- _Description of the task_: Take the lines from the one with "Корректор осанки поставляется" through the end of the material below and repeat them exactly, dropping every picture.

··· Data provided ···

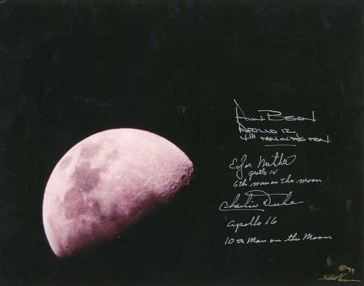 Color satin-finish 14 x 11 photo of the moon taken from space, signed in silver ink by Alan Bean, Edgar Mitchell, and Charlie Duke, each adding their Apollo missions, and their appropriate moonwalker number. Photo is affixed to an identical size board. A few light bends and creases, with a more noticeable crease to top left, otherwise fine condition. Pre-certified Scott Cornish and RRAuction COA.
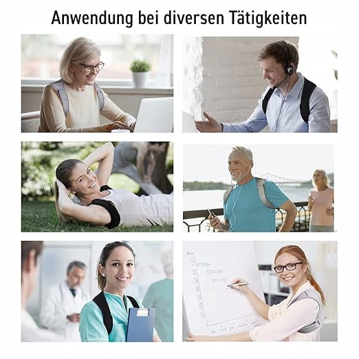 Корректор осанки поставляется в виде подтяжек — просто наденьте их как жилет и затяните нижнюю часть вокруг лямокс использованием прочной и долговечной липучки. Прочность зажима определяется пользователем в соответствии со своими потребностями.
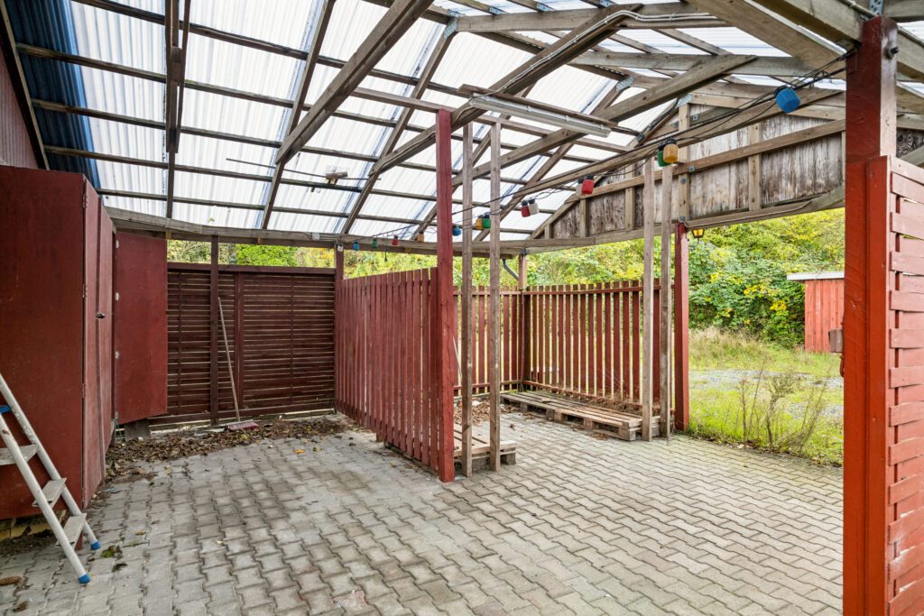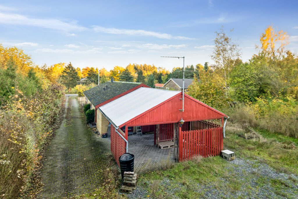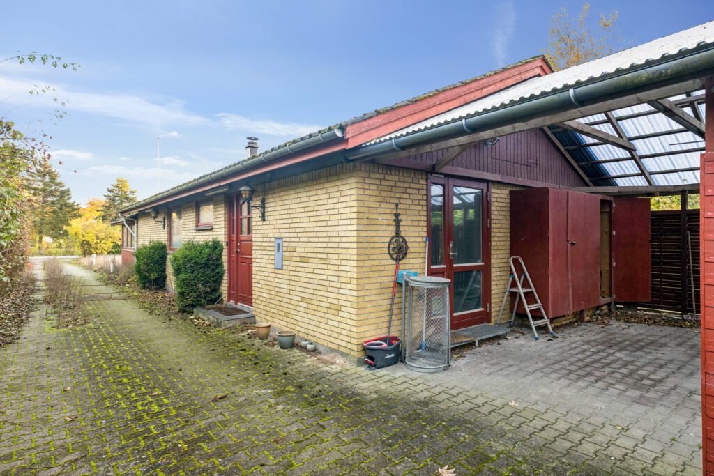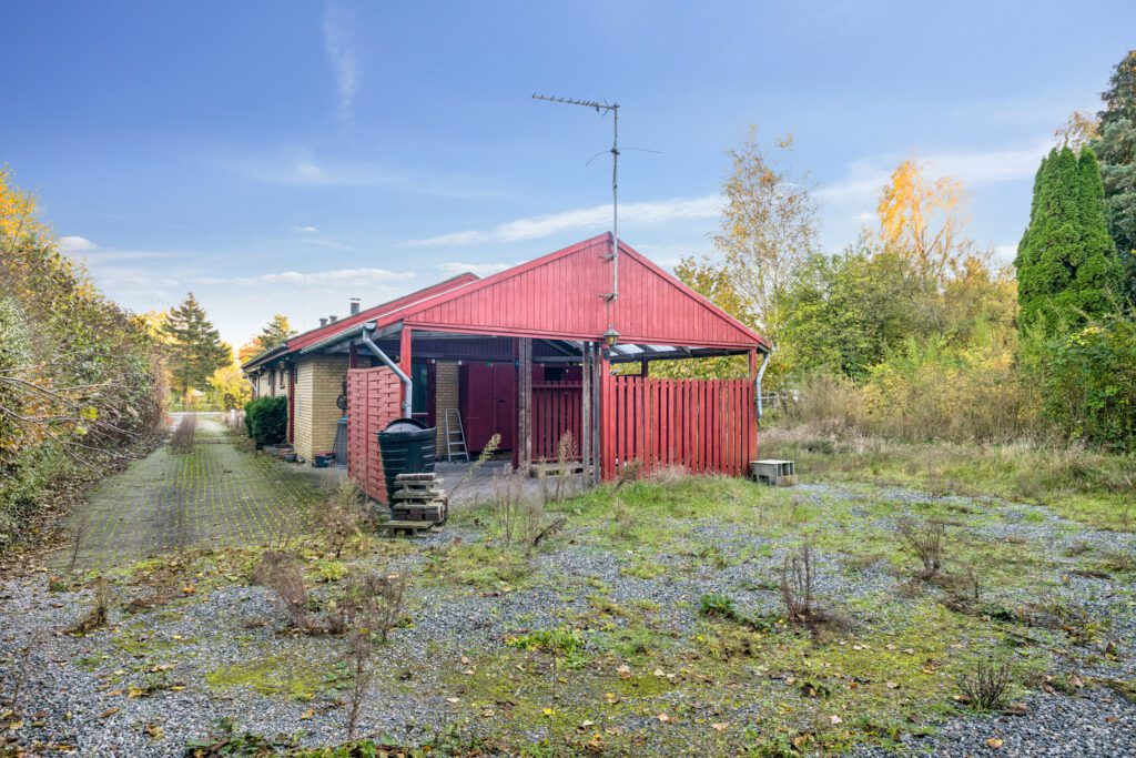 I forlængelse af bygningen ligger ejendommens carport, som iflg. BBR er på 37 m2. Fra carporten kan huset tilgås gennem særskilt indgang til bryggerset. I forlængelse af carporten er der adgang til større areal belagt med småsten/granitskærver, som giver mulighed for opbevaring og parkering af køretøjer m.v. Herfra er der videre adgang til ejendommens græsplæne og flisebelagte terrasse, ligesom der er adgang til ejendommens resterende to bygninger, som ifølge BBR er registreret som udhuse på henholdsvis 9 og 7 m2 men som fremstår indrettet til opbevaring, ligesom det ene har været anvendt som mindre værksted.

···

- _Written answer_:
 Корректор осанки поставляется в виде подтяжек — просто наденьте их как жилет и затяните нижнюю часть вокруг лямокс использованием прочной и долговечной липучки. Прочность зажима определяется пользователем в соответствии со своими потребностями.
 I forlængelse af bygningen ligger ejendommens carport, som iflg. BBR er på 37 m2. Fra carporten kan huset tilgås gennem særskilt indgang til bryggerset. I forlængelse af carporten er der adgang til større areal belagt med småsten/granitskærver, som giver mulighed for opbevaring og parkering af køretøjer m.v. Herfra er der videre adgang til ejendommens græsplæne og flisebelagte terrasse, ligesom der er adgang til ejendommens resterende to bygninger, som ifølge BBR er registreret som udhuse på henholdsvis 9 og 7 m2 men som fremstår indrettet til opbevaring, ligesom det ene har været anvendt som mindre værksted.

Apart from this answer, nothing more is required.